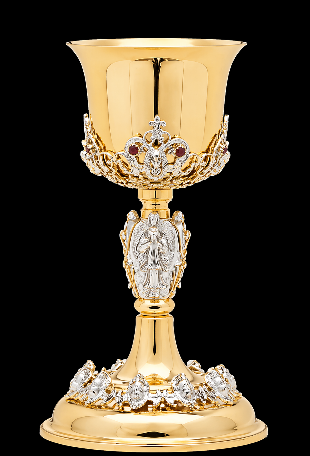 Czasza kielicha została wykończona srebrzoną koszulką, która dodatkowo zdobiona jest efektownymi rubinami, podkreślającymi jego sakralny charakter oraz wyjątkowy wygląd. Nodus oraz ozdobne postacie aniołów umieszczone na podstawie również zostały srebrzone, co tworzy harmonijny kontrast ze złoconą powierzchnią.
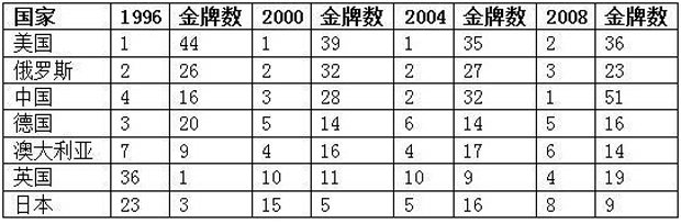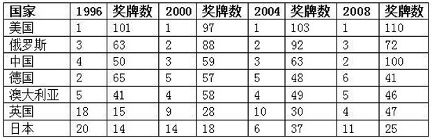 2.对另一些国家而言,体育实力与GDP的联系就不那么紧密了。代表国家是俄罗斯和日本。近十多年里,俄罗斯的GDP一直在10名之后,可它在金牌榜和奖牌榜上稳稳地停留在二三名的位置,其军事实力也是世界公认的老二。日本刚好与之相反,GDP长期居于世界第二,但奥运会的金牌榜和奖牌榜则在4-10名之间浮动,显得极不稳定。军事实力也难以琢磨,表面的军事实力受限于战败条约,其军事潜力却是不可估量的。
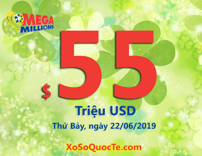 Giải jackpot của xổ số Mega Millions tiếp tục đợi chủ sau phiên quay thưởng ngày 19/06/2019 (giờ Việt Nam). Mức giá trị giải thưởng đã tăng lên tới $55 triệu đô-la tương đương hơn 1200 triệu đồng.
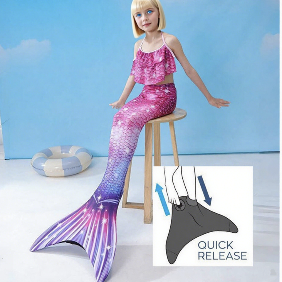 Three-Piece Kids Swimsuit for Girls Fish Tail Mermaid Performance Bikini Print Style Swimwear

*About this task*: Your response should reproduce the entire listing verbatim, minus the pictures.

*Written response*:
 Czasza kielicha została wykończona srebrzoną koszulką, która dodatkowo zdobiona jest efektownymi rubinami, podkreślającymi jego sakralny charakter oraz wyjątkowy wygląd. Nodus oraz ozdobne postacie aniołów umieszczone na podstawie również zostały srebrzone, co tworzy harmonijny kontrast ze złoconą powierzchnią.
 2.对另一些国家而言,体育实力与GDP的联系就不那么紧密了。代表国家是俄罗斯和日本。近十多年里,俄罗斯的GDP一直在10名之后,可它在金牌榜和奖牌榜上稳稳地停留在二三名的位置,其军事实力也是世界公认的老二。日本刚好与之相反,GDP长期居于世界第二,但奥运会的金牌榜和奖牌榜则在4-10名之间浮动,显得极不稳定。军事实力也难以琢磨,表面的军事实力受限于战败条约,其军事潜力却是不可估量的。
 Giải jackpot của xổ số Mega Millions tiếp tục đợi chủ sau phiên quay thưởng ngày 19/06/2019 (giờ Việt Nam). Mức giá trị giải thưởng đã tăng lên tới $55 triệu đô-la tương đương hơn 1200 triệu đồng.
 Three-Piece Kids Swimsuit for Girls Fish Tail Mermaid Performance Bikini Print Style Swimwear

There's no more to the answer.